Re: Improving Frequency Resolution in Time Constrained Signals

On Oct 30, 8:22 am, "tzoom84" <tszumow...@xxxxxxxxx> wrote:
For simplicity, suppose we are interested in detecting presence of either a
500Hz, 1kHz, and a 1.5kHz sinusoid in a signal that is being sampled at
100kHz. But lets say we only have 100 samples, or 1ms of data. This is
anywhere between 0.5 to 2 'cycles' of the sinusoids. So essentially, the
signal is well oversampled, but is not sampled long enough in time to
provide clean frequency resolution.

Question is: Are there particular techniques to improve frequency
resolution for oversampled, but time constrained, signals?

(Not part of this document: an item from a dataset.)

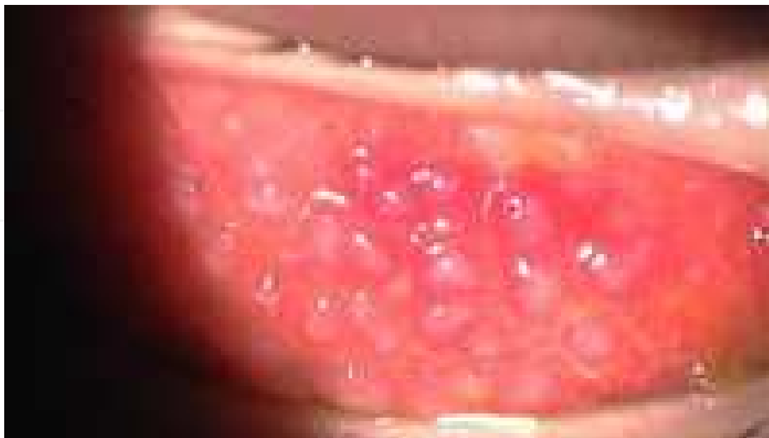
Fig. 3. Allergic conjunctivitis (Look for follicles and papillae)

Allergic conjunctivitis comprises a group of diseases affecting the ocular surface and is usually associated with type 1 hypersensitivity reactions. Two acute disorders, seasonal allergic conjunctivitis and perennial allergic conjunctivitis, exist, as do 3 chronic diseases, vernal keratoconjunctivitis, atopic keratoconjunctivitis, and giant papillary conjunctivitis.

(One random thought considered was to decimate at different points in
time, say take every tenth sample starting at sample #1, then every tenth
starting at sample #2, to create 10 independent signals of same length.
Then concatenate to artificially lengthen the same signal. But I wasn't
sure if that would increase resolution since it doesn't add any new


With a sample rate = 100k and N = 100, you’ve got 100k/100 = 1k bin
spacing in the frequency domain (e.g.: DFT frequency index k = 0
corresponds to 0Hz, index k = 1 corresponds to 1kHz, index k = 2 is
2kHz, etc.). So perhaps you’d do 3 DFTs, one at k = .5 (corresponds
to 500 Hz), one at k = 1 (corresponds to 1 kHz), and one at k = 1.5
(corresponds to 1.5 kHz). Then compute magnitude squared of each and
find the largest. Alternately, you could zero pad an FFT to 200
points and use outputs k = 1, 2 and 3 to represent f = 500 Hz, 1 kHz
and 1.5 kHz. Keep in mind, of course, that zero padding doesn’t
really improve resolution - it provides an interpolation. If you
start with a sampling interval that’s too short, you get a lousy
result. Zero padding gives you more (interpolated) points of a lousy

Of course, I’m presuming that only one tone is present at a time,
their amplitudes are the same, and you don’t have a transition between
the tones in your 100 point sampling interval.

There is a technique that will give you very good frequency
resolution, but it requires that you have at least a few bins’ spacing
between your tonal inputs. So you’re operating well below the margins
at which it will work.

Kevin McGee